Wednesday, February 08, 2006


Good news for the literary world: Oprah approves of Eli Wiesel—it is now safe to read Night. Whew.

I can’t say exactly why I get so annoyed whenever I see that Oprah has chosen a classic for her book club selection. I mean, I love classics. I’m disturbed by the thought that there are entire classes of high school students that graduate without ever having read To Kill a Mockingbird and Johnny Tremain. Theoretically, anything that gets people reading classic literature is okay with me. But in actuality, I am also disturbed by the thought that the American public needs Oprah’s recommendation to pick up Anna Karenina.

I am not wholly opposed to the idea of celebrity book clubs—or book clubs in general. A lot of my reading is based on recommendations from other people. And the simple truth of the matter is that Oprah sells books. If her endorsement can get Night on the bestseller list—even for a week—part of me thinks I should just shut up and be glad people are reading it. But on the other hand, I don’t really trust her taste. I mean, seriously—you can’t read Tolstoy without reading Dostoevsky and come away with a decent idea about Russian literature. You get no context, no counterpoint. It’s maddening that Tolstoy’s moralistic bombast will be all some people know of the great Slavic writers. C’mon, Oprah—throw us a bone!

Oprah’s book club, of course, has been in the news most recently because of her public endorsement of James Frey’s faux-memoir, A Million Little Pieces, just before his public unmasking as a liar. While I respect Oprah for retracting her endorsement and having Frey back on her show to give him the chance to apologize and/or explain his actions, I’m bothered by the whole-hearted support she gave Frey after reading his book. Does Oprah simply not have a truth/fiction filter? Frey’s falsified accounts of his own debauchery should and did raise alarms with everyone I know who read the book. The Smoking Gun’s revelations were not even the first time Frey was publicly questioned. And if Oprah’s bullshit detector is really that flawed, do we really trust this woman to choose our reading material for us?

Just a few questions to ponder while we wait for Ms. Winfrey to approve the next return bestseller.
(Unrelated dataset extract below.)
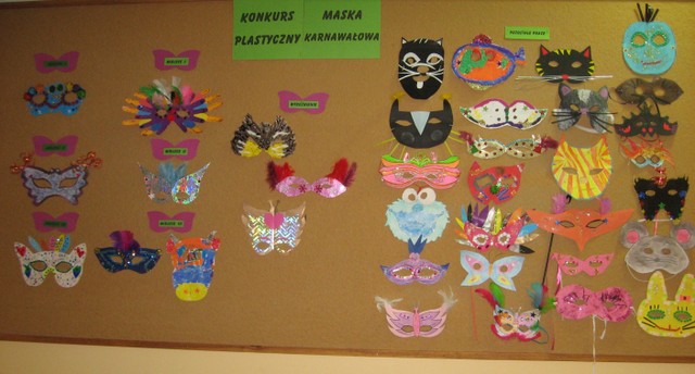 Przedstawiamy wyniki konkursu plastycznego "Maska karnawałowa" dla uczniów oddziałów zerowych oraz klas I- III.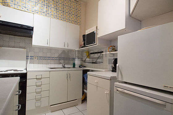Cet appartement dispose d'une cuisine avec du carrelage au sol et tout l'équipement nécessaire pour votre quotidien : plaques de cuisson, réfrigerateur, congélateur, four, micro ondes, hotte, grille pain, bouilloire électrique, cafetière, placard, vaisselle.

Blogger Loribelle Hunt said...

I know I should just be glad that she's getting people to read, but I can't help but think the things she picks would drive most people away from books, especially if her picks were all they read. The woman has a knack for depressing.

I tried a couple of the early picks and decided Oprah's books are not for me. I'm sure she does a lot of things just fine, but picking books is not one of them.
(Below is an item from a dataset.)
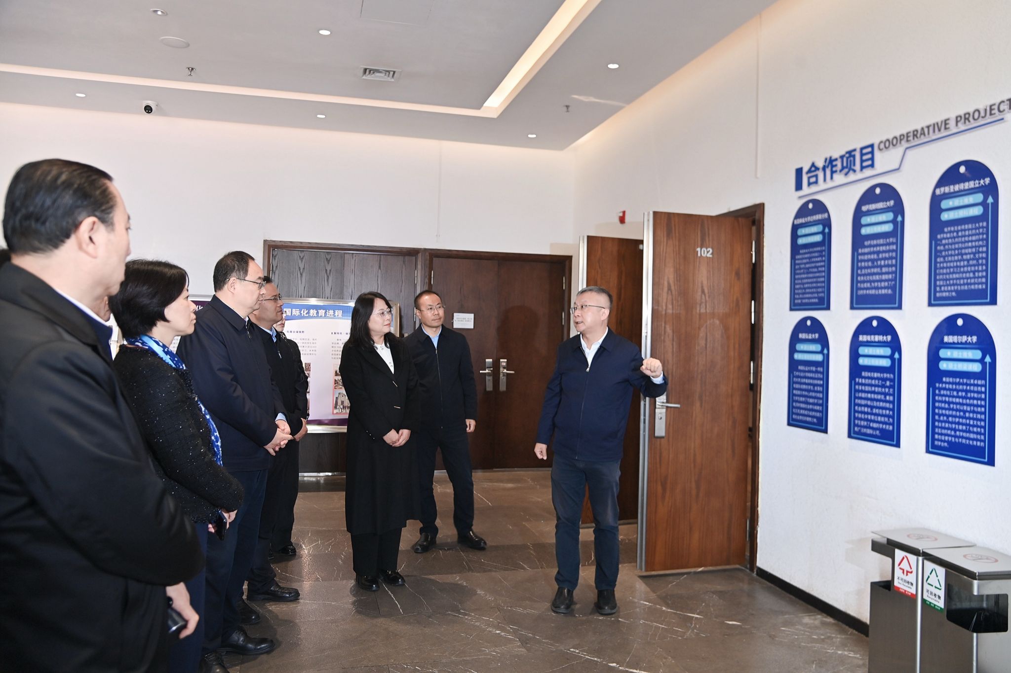 任友群一行参观了校史陈列馆,考察了秦创原(ALLWINCITY万象城)创新促进中心、汉字研究中心,并就校地融合发展、教育国际化、语言文字研究等相关工作进行了现场交流。

Now that I'm done with school, I just assume skip all Russian literature thanks lol, but if I was going to recommend something Anna Karenina would not be high my list. Talk about heavy reading. I remember wading through that book, but I love Faulkner and Hemingway, so I'm hardly a good judge lol.

Geez, what a ramble. Basically, I didn't trust her to pick any of my books before the Frey incident. I definitely won't now.

9:36 AM  
Blogger Jana J. Hanson said...

I agree that Oprah's picks seem to be a bit on the depressing side (or just plain not good, i. e. Beloved by Toni Morrison).

That's not to say she should choose books with little substance, but maybe she just needs someone better to help her make her book club choices.